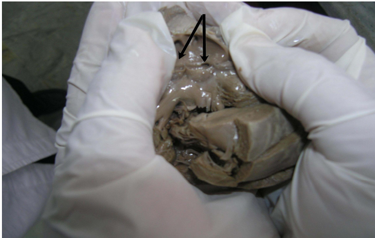
شکل شماره (۳): پس از برش‌های تکمیلی مدخل یک شریان کوچک در محل سینوس چپ در بچه شریان ریوی مشاهده می‌شود.
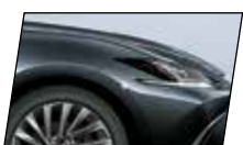
Preto Grafite (223)
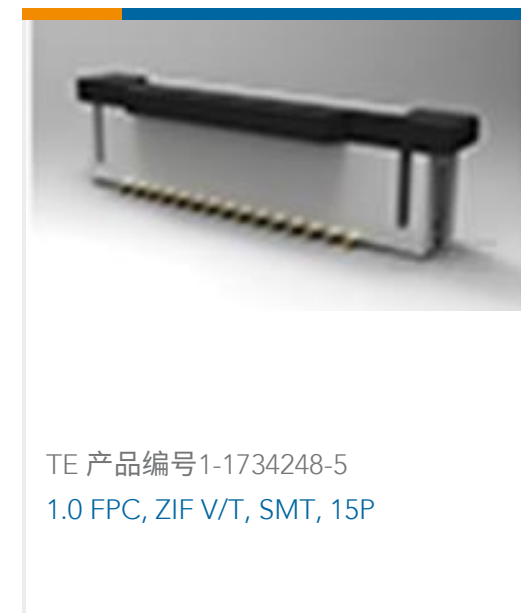
TE 产品编号1-1734248-5 1.0 FPC, ZIF V/T, SMT, 15P
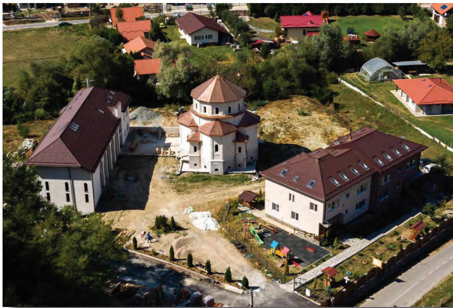
Așezământul Sfântul Onufrie pentru orfani, de la Mănăstirea Florești, Cluj.

După cuvântul Sfântului Apostol Pavel, care a zis: „Bucurați-vă cu cei ce se bucură, plângeți cu cei ce plâng” (Romani 12, 15), ar trebui ca inimile noastre să se întristeze pentru suferințele copiilor greu încercați de viață. Cum ne-am putea numi creștini, dacă ne-am îmbuiba de toate bunățile, în timp ce alții rabdă foame și frig? Sau cum am putea să cerem ajutorul Tău, de nu-i vom ajuta la rândul nostru pe cei ce au nevoie de ajutor? „Luminează-ne pe noi, Doamne, să-i ajutăm cu ce ne stă în putință, ca să îndulcim măcar puțin amara lor viață. Bindecuvintează-i, Doamne, pe acești copii necăjiți și pe cei care îi ajută pe ei, întărește-i și le răsplatește lor după mare mila Ta, ca un bun și iubitor de oameni” 4 .
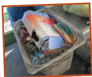
REFUS DE TRI = DÉCHETS ENFOUIS !
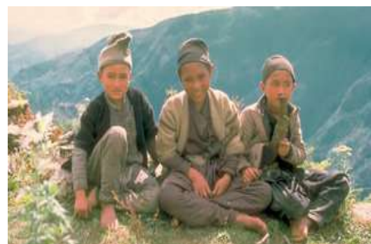
Beobachtungen am Wegesrand

14. Tag: Heimreise (F). Morgens Transfer zum Flughafen und Rückflug nach Deutschland.
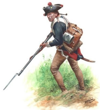
Hessischer Musketier (Troijani)

Sie kämpften nicht wie die Linieninfanterie in Reihe gegen den Feind, sondern in aufgelöster Reihe, versteckten sich, pirschten sich an, schossen aus dem Hinterhalt, was die amerikanischen Soldaten überraschte und irritierte. Aufgrund ihrer Erfolge forderten die Engländer weitere Jäger an, mehr als
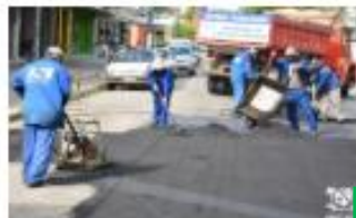
ADMINISTRAÇÃO | 13 NOVEMBRO, 2019 Prefeitura recebe nova emenda e visa recapeamento de várias ruas do centro
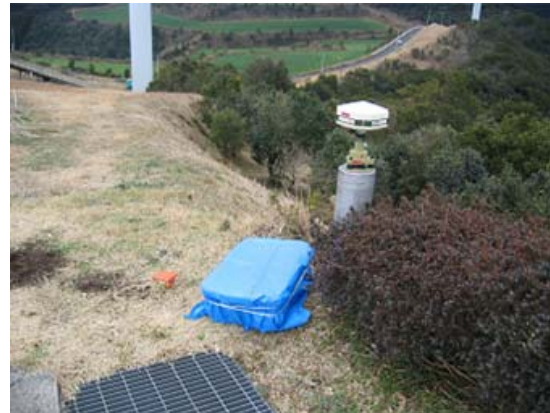
写真8 GPS 機材設置後
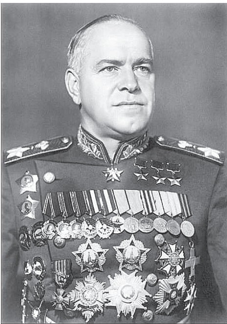
Маршал Жуков Г. К.

Районный центр Щучье – небольшой городок в Зауралье, но и в его истории есть замечательные даты. Одни из них связаны с посещениями нашего провинциально-го города людьми, ставшими известными всей стране, благодаря своим героическим подвигам во время Великой Отечественной войны. Хочется рассказать о них, чтобы молодое поколение знало об этих героях, приблизивших Победу.
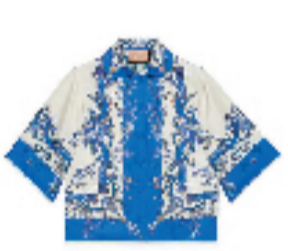
Gucci印花双面真丝衬衫
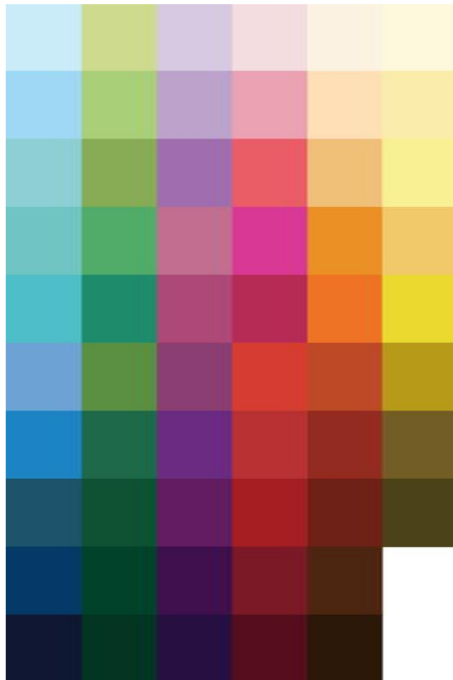
Gambar 10. Warna pop art

Karena target audiencenya adalah anak muda maka penggunaan warna pun mengikuti selera anak muda jaman sekarang, berikut adalahh warna – warna yang digunakan dalam sebuah perancangan.
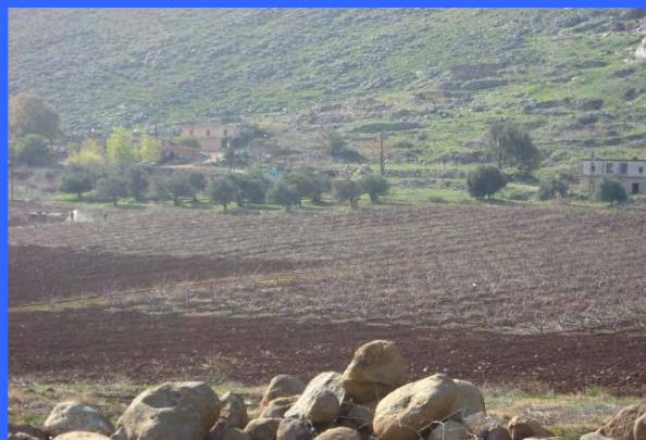
Apoyo a la mejora de la capacidad productiva del sector agropecuario del Sur del Líbano
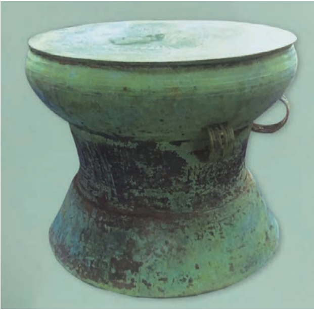
กลองมโหระทึกพบที่อำเภอคำชะอี จังหวัดมุกดาหาร
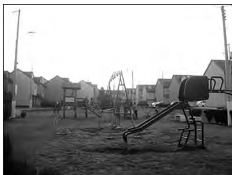
Imagen 1. Área de recreación en el conjunto Casales Buenaventura, construido entre 2001 y 2003

Los primeros conjuntos desarrollados a finales del siglo XX se caracterizaron por ser pequeñas construcciones realizadas por constructores particulares que compraron algunas de las antiguas quintas de la zona. Desde el año 2003 se iniciaron los grandes proyectos inmobiliarios instalados en antiguas zonas industriales o campos de cultivo. Los compradores correspondieron a las nuevas clases medias que obtuvieron créditos asequibles de parte del Estado a través del Instituto Ecuatoriano de Seguridad Social (IESS) y de bancos privados. Estos nuevos conjuntos se conformaron como verdaderas miniciudades que ofrecieron seguridad y acceso a la mayoría de servicios como pequeñas tiendas de abastos, servicio de guardería, centro médico, gimnasio o áreas de recreación.
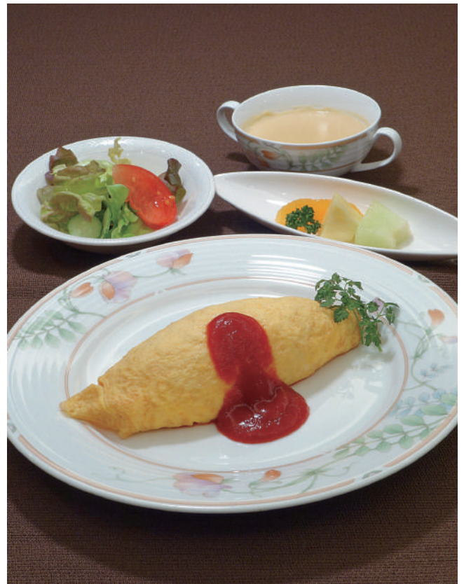
オムライスセット (スープ・サラダ・フルーツ付き) 1,650円
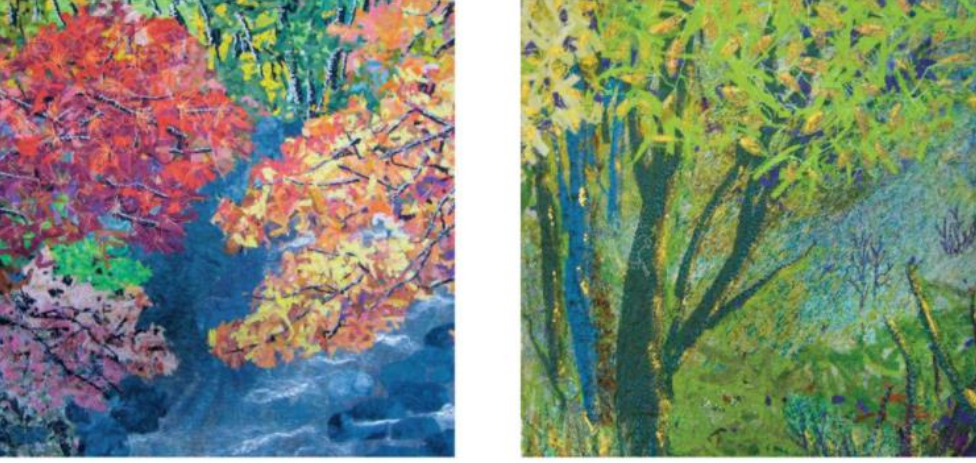
Şekil 9-Noriko Endo Konfeti Tekniği Çalışmaları (Sider, s. 135)

daha fazla yer vermeye başlamıştır. Empresyonist tasarımlarında ağaç manzaranın yanında balıkçılar, sincaplar, kaplumbağalar gibi hayvan desenlerine ve ağaçların, canlıların suya yansımalarına da yer vermektedir(Brubaker Knapp, 2010).

## What to produce
In the listing above, find the line containing "TE 产品编号1-1734248-5 1.0 FPC, ZIF V/T, SMT, 15P". Output it and every line after it up to and including the line containing "Sie kämpften nicht", exactly, but skip the pictures.

## Solution for this task
TE 产品编号1-1734248-5 1.0 FPC, ZIF V/T, SMT, 15P
Așezământul Sfântul Onufrie pentru orfani, de la Mănăstirea Florești, Cluj.

După cuvântul Sfântului Apostol Pavel, care a zis: „Bucurați-vă cu cei ce se bucură, plângeți cu cei ce plâng” (Romani 12, 15), ar trebui ca inimile noastre să se întristeze pentru suferințele copiilor greu încercați de viață. Cum ne-am putea numi creștini, dacă ne-am îmbuiba de toate bunățile, în timp ce alții rabdă foame și frig? Sau cum am putea să cerem ajutorul Tău, de nu-i vom ajuta la rândul nostru pe cei ce au nevoie de ajutor? „Luminează-ne pe noi, Doamne, să-i ajutăm cu ce ne stă în putință, ca să îndulcim măcar puțin amara lor viață. Bindecuvintează-i, Doamne, pe acești copii necăjiți și pe cei care îi ajută pe ei, întărește-i și le răsplatește lor după mare mila Ta, ca un bun și iubitor de oameni” 4 .
REFUS DE TRI = DÉCHETS ENFOUIS !
Beobachtungen am Wegesrand

14. Tag: Heimreise (F). Morgens Transfer zum Flughafen und Rückflug nach Deutschland.
Hessischer Musketier (Troijani)

Sie kämpften nicht wie die Linieninfanterie in Reihe gegen den Feind, sondern in aufgelöster Reihe, versteckten sich, pirschten sich an, schossen aus dem Hinterhalt, was die amerikanischen Soldaten überraschte und irritierte. Aufgrund ihrer Erfolge forderten die Engländer weitere Jäger an, mehr als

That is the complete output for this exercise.